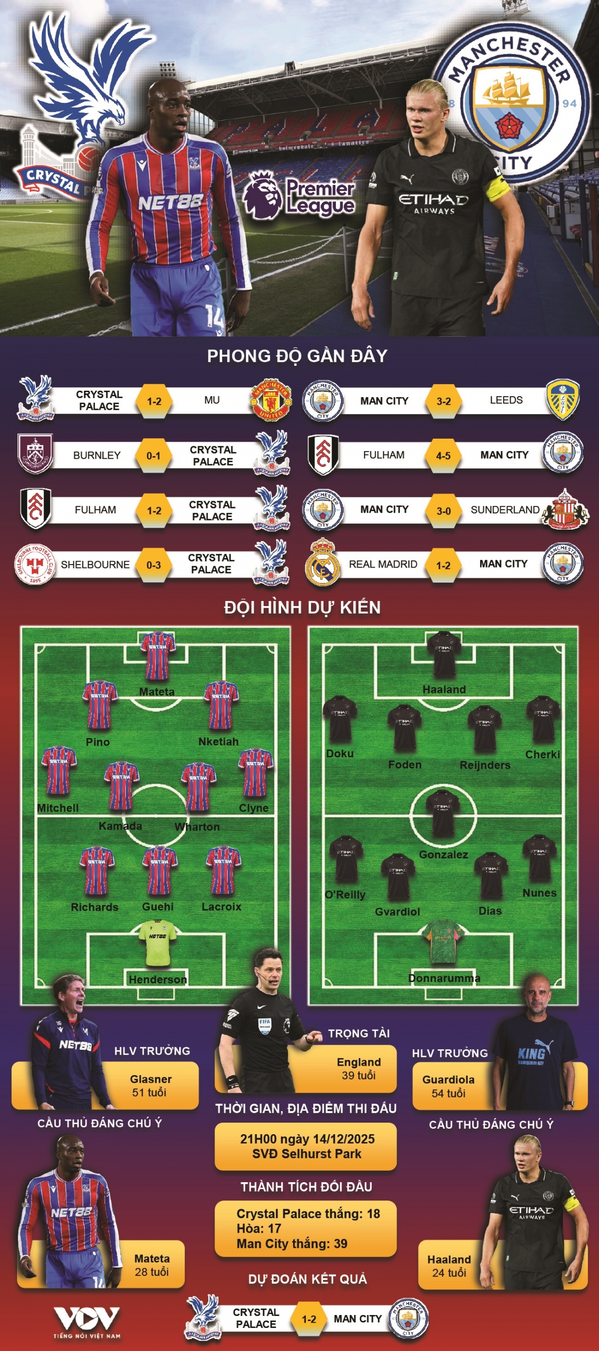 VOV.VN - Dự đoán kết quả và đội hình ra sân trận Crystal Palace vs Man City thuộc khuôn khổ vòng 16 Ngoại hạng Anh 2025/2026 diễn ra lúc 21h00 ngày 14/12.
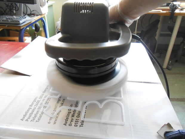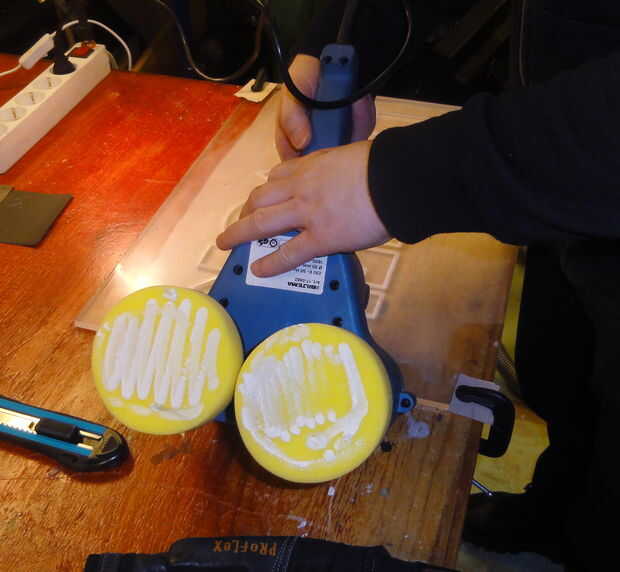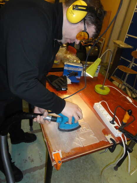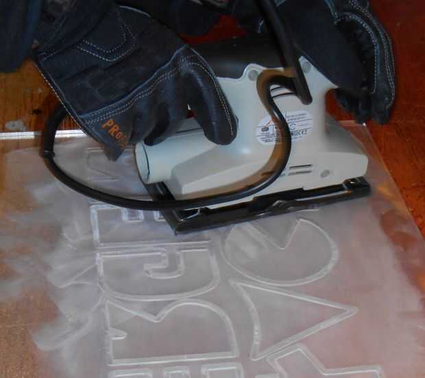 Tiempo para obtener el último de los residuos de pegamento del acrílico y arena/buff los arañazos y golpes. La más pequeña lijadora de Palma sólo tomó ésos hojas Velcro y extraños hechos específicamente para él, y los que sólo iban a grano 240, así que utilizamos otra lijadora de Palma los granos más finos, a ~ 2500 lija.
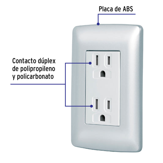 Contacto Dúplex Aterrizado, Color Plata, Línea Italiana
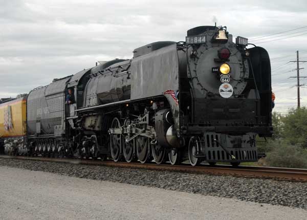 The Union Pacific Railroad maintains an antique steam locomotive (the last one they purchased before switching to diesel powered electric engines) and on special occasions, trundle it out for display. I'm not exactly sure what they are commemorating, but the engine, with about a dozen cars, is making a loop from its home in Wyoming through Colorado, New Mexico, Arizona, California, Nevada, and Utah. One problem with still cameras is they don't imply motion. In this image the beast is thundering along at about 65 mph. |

EXERCISE AIM: Would you restate all of the data above word for word, omitting the pictures?

EXERCISE RESPONSE:
 VOV.VN - Dự đoán kết quả và đội hình ra sân trận Crystal Palace vs Man City thuộc khuôn khổ vòng 16 Ngoại hạng Anh 2025/2026 diễn ra lúc 21h00 ngày 14/12.
 Tiempo para obtener el último de los residuos de pegamento del acrílico y arena/buff los arañazos y golpes. La más pequeña lijadora de Palma sólo tomó ésos hojas Velcro y extraños hechos específicamente para él, y los que sólo iban a grano 240, así que utilizamos otra lijadora de Palma los granos más finos, a ~ 2500 lija.
 Contacto Dúplex Aterrizado, Color Plata, Línea Italiana
 The Union Pacific Railroad maintains an antique steam locomotive (the last one they purchased before switching to diesel powered electric engines) and on special occasions, trundle it out for display. I'm not exactly sure what they are commemorating, but the engine, with about a dozen cars, is making a loop from its home in Wyoming through Colorado, New Mexico, Arizona, California, Nevada, and Utah. One problem with still cameras is they don't imply motion. In this image the beast is thundering along at about 65 mph. |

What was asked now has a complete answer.